Dive Brief:
- Nvidia is releasing a technology demo that lets users customize a chatbot with locally hosted content on Windows PCs, called Chat with RTX, the company said Tuesday in a blog post.
- Using Nvidia’s AI platform, RTX, users can connect PC files as a dataset to fuel open-source large language models, granting more contextually relevant responses to queries, according to Nvidia. The tool supports various file formats as well as information from YouTube videos or playlists, which users can include by providing URLs.
- While still in its early stages, the company is aiming to entice security-conscious enterprises. The tool runs locally on Windows RTX PCs and workstations rather than cloud-based LLM services, which lets users process sensitive data without sharing it with a third party or connecting to the internet.
Dive Insight:
As enterprises run up against an impending PC refresh cycle, executives are weighing device upgrade costs against the near-term benefits of emerging products, including the AI PC.
Just as software providers rush to embed generative AI in solutions, hardware vendors are enhancing products to better support AI use.
AMD, Intel and Nvidia designed chips to run generative AI on PCs and workstations. PC manufacturers, including Dell, HP, Lenovo and Samsung, also released AI-optimized products in recent months.

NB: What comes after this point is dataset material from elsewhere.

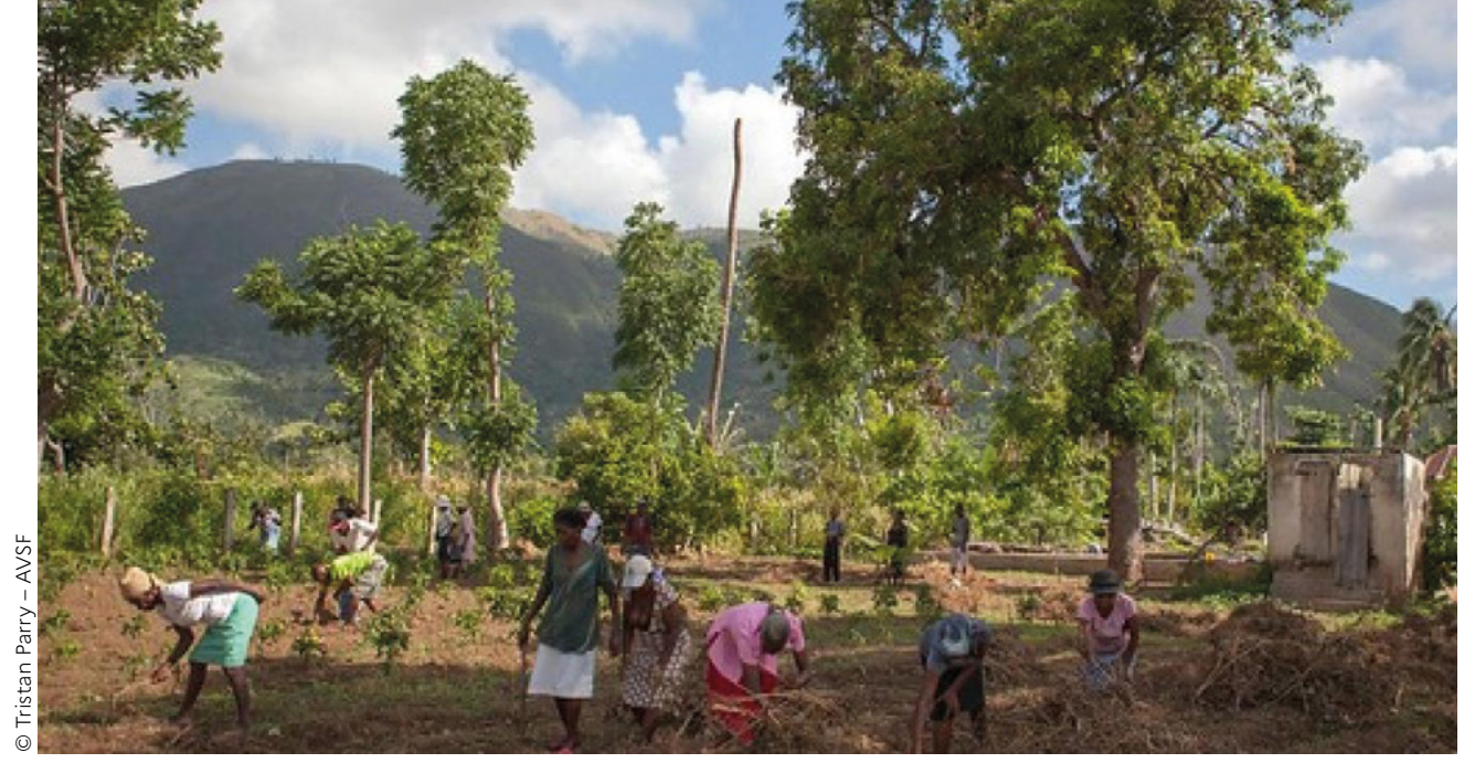
Led by French CSO AVSF (lit. Agronomists and Veterinarians Without Borders), the project "Agroecological Transitions and Resilience of rural territories» helps to strengthen farmers' organizations and civil societies in 15 countries.

potential and to contribute to the sustainable, inclusive and resilient recovery of economies and to the implementation of the 2030 Agenda. The MEAE's "Innovating Together" 14 strategy promotes the new SSE models at international level, recognizes the complementarity of public policies and initiatives driven by the social and solidarity economy sector, supported by appropriate regulations and has helped support and promote innovative multi-stakeholder projects with a considerable social or environmental impact, mainly in Africa. By linking the SSE sector to the issues of international solidarity, it is possible to support projects with an economic dimension by promoting economic models such as fair trade, local distribution channels, energy transition and others that boost cooperation between civil society and between local and regional communities in terms of common challenges.

Microsoft even laid out plans to add a Copilot key to new Windows 11 PCs and upcoming Surface devices. While not exactly a hardware upgrade, the key signals Microsoft’s desire to shift user behavior toward onboard AI tools.
Vendors are hoping demand for AI-ready PCs can shake a persistent decline in shipments as technology executives grow more interested in how locally-hosted AI computing can benefit the business.
AI PCs will enter the IT shopping list this year with even more growth on the horizon. AI-optimized PC shipments are projected to triple in the next few years, capturing nearly 60% of the overall PC market by 2027, according to IDC.